Several studies compare the energy and environmental impacts of vehicles with different fuels. For example, extensive comparative studies [6, 7] found that few research papers report a full Life Cycle Assessment. Such an assessment considers not only the fuel but also the vehicle itself. In economics, researchers evaluate the vehicle costs with Total Costs of Ownership (TCO). For example, studies [8,9,10] compare the TCO of a conventional Internal Combustion Engine Vehicle (ICEV) and a Battery Electric Vehicle (BEV) in different parts of the world.

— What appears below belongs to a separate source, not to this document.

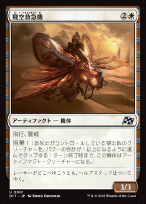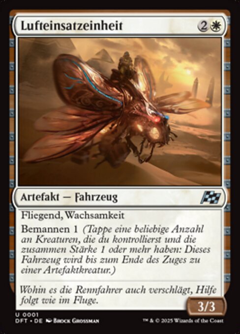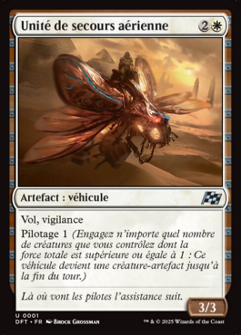 ![]() Variations : 1Parts— | Air Response Unit3 / 3 Flying, vigilance Crew 1 (Tap any number of creatures you control with total power 1 or more: This Vehicle becomes an artifact creature until end of turn.)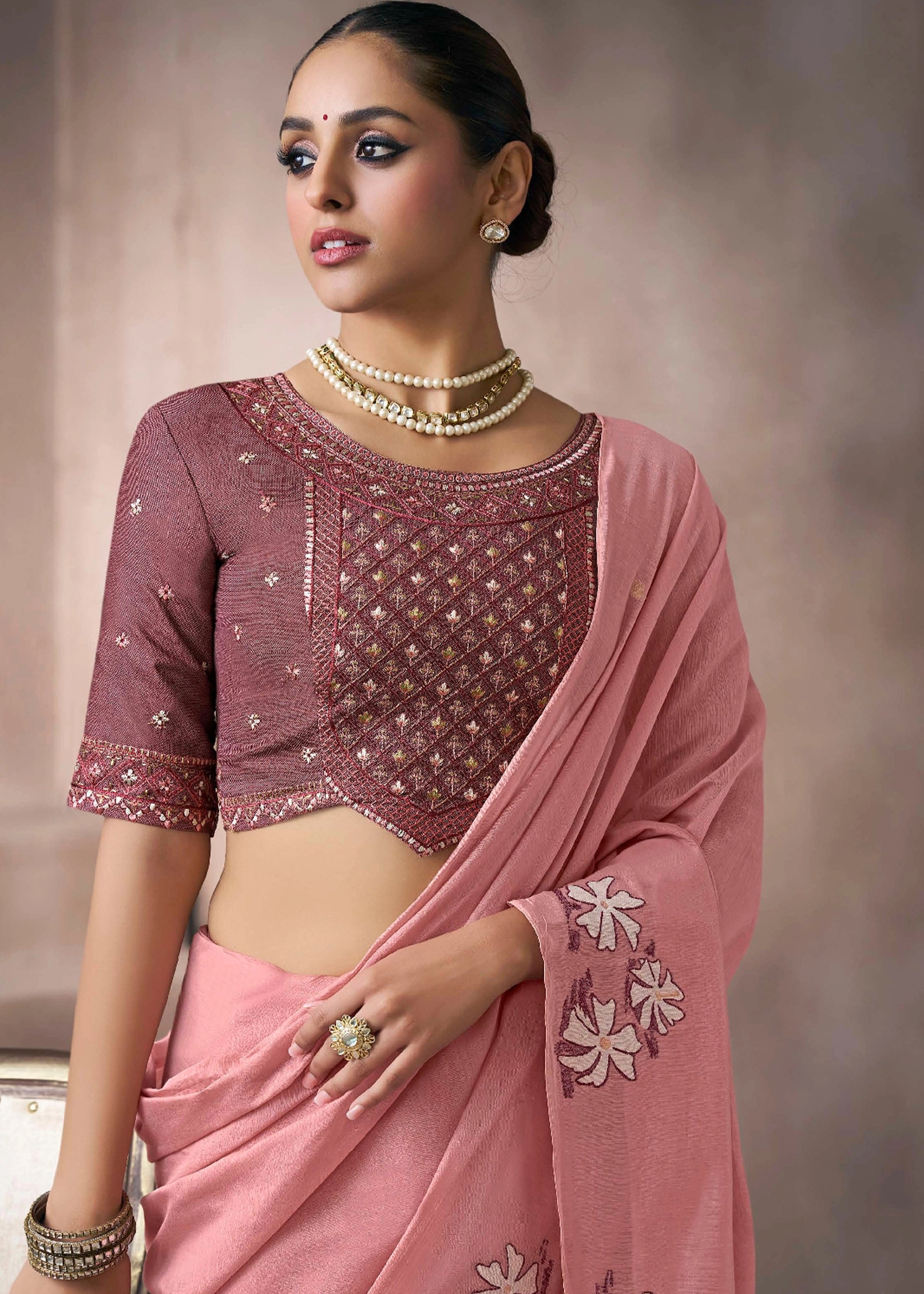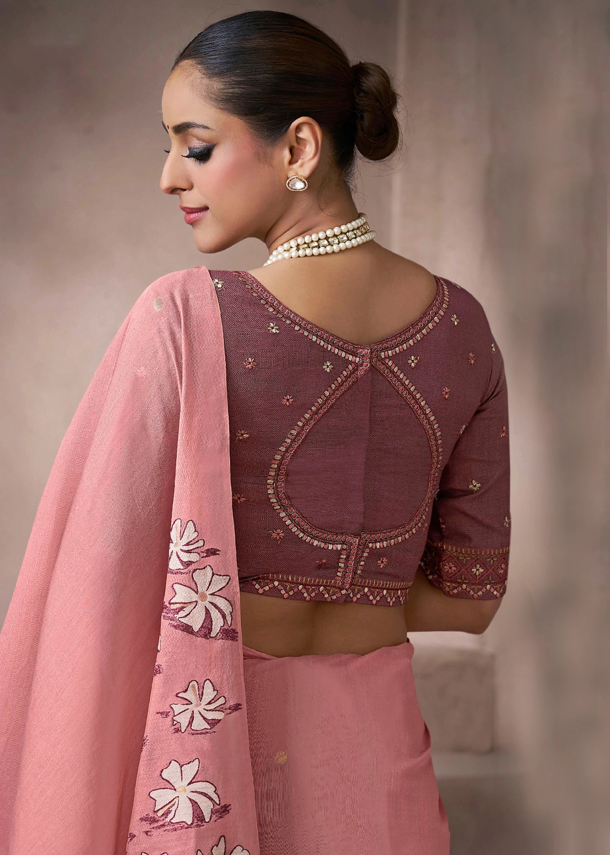 “Exclusive Offer” : Blush Pink Woven Cotton Silk Saree

This article does not focus on the contentious environmental or economic questions of operation BEV compared to ICEV. The authors in [11] discuss whether BEVs should be subsidised or, on the contrary, taxed. For example, authors in [12] found that in China BEVs are not economically competitive compared with ICEVs. The most important motivators for buying a BEV or HEV are financial savings [13, 14] and the safety of new vehicles [15, 16].
2 An Overview of Legislation Related to the Electromobility
This section describes the most important documents related to electromobility at the level of the European Union, as well as national laws in Slovakia. These help the development of electromobility and can be an example for foreign countries. In some cases, the measures concern BEV and HEV (Hybrid Electric Vehicle), BEV and PHEV (Plug-in Hybrid Electric Vehicle), or only BEV.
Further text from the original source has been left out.